No worries about root execution, the app’s running in a container. I published the image to docker hub, and ran it as so:

docker run --mount type=bind,source=/var/lib/hf-hub,destination=/huggingface \
	--device nvidia.com/gpu=all \
	-p 3101:3100 -it \
	--env HF_TOKEN="hf_crAzyFrIDaYvIvo50" \
	--env HF_ENDPOINT=https://hf-mirror.com
	zhufucdev/ledoxide:latest

You can get a more detailed doc here:

zhufucdev/ledoxide

via GitHub

Shortcuts design

The app cannot send results to the bookkeeping app directly, and I have to rely on shortcuts to grap screenshots anyway.
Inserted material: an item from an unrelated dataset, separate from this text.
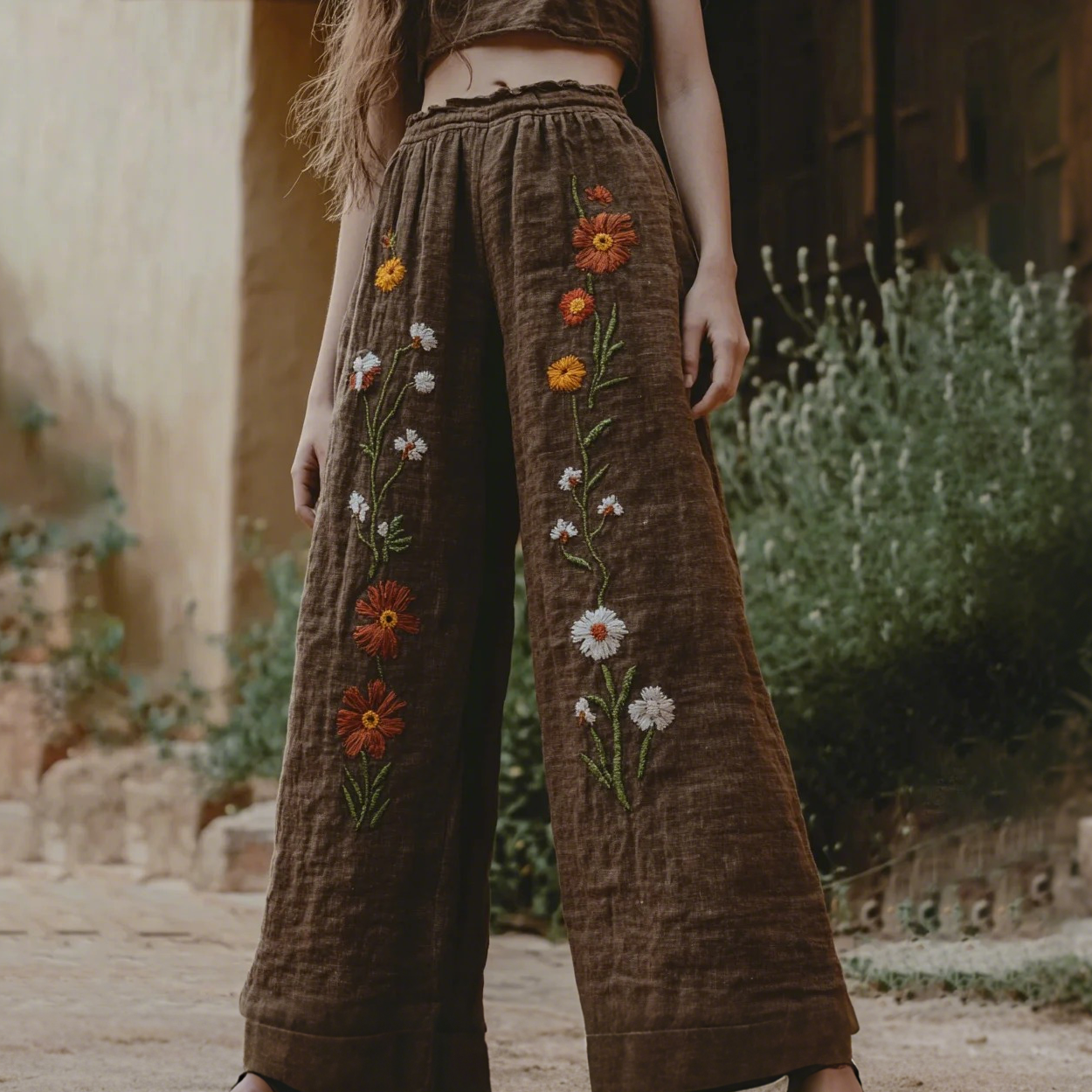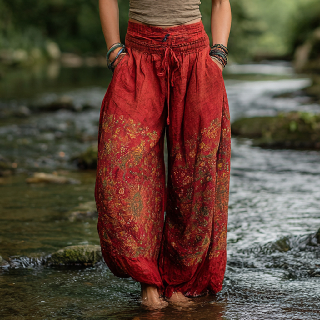 Women's Retro Linen Floral Boho Loose Wide-leg Trouser Pants

I redsigned the workflow centered around client side pulling and pending task persistency, as is shown in the following diagram.

flowchart TD
    GS[Grab screenshot] --> HRL{Has Reminders list?}
    HRL --> |yes| CR{Has pending tasks?}
    HRL --> |no| CRL[Create Reminders list] --> CR
    CR --> |yes| GFPT[Get the first task] --> Parse --> RFR_1[Remove from Reminders] --> CR
    CR --> |no| USCT[Upload screenshot and create task] --> ATRL[Add to Reminders list] --> PTS[Pull task state] --> TF{Task finished?}
    TF --> |yes| ATE[Add to Expenses] --> RFR_2[Remove from Reminders]
    TF --> |no| PTS

flowchart TD
    GS[Grab screenshot] --> HRL{Has Reminders list?}
    HRL --> |yes| CR{Has pending tasks?}
    HRL --> |no| CRL[Create Reminders list] --> CR
    CR --> |yes| GFPT[Get the first task] --> Parse --> RFR_1[Remove from Reminders] --> CR
    CR --> |no| USCT[Upload screenshot and create task] --> ATRL[Add to Reminders list] --> PTS[Pull task state] --> TF{Task finished?}
    TF --> |yes| ATE[Add to Expenses] --> RFR_2[Remove from Reminders]
    TF --> |no| PTS

The shortcut keeps track of unfinished tasks using Apple Reminders, so that both the program and I can understand what’s going on.

the pending tasks list

In case the shortcut execution was interrupted so even though the server task has finished, result would never reach me and my books. I often forget to check the list. So before each run, the shortcut scans the list and prompts me of any update, so that it won’t straight up go ignored. In practice, putting the phone into sleep often cause the pulling loop to an end, and this little mechansim can always come in handy.

I broke the workflow into several shortcuts for reusability and ease of implementation. The downside is that it’s really a hassle to share and install them for friends. With that said, if you wanna give it a try, I have you covered.

all shortcuts

Resume Pending Bills: https://www.icloud.com/shortcuts/f213c1a044fc46feaf047e775c57e505
Parse Bill: https://www.icloud.com/shortcuts/554c2982c79749a09b102c92fddd19ee
Get Pending Bills List Or Create: https://www.icloud.com/shortcuts/0006809635ec4fe39f76a2d86e655168
Record Bill: https://www.icloud.com/shortcuts/9754ca32a62043da8180cd9d48259a0f
Action Button: https://www.icloud.com/shortcuts/bddb8a490f2844e393cb1c199f54192a

You shall have own server running, and answer the setup questions respectively. I am also happy to lend me my server, if we are good friends.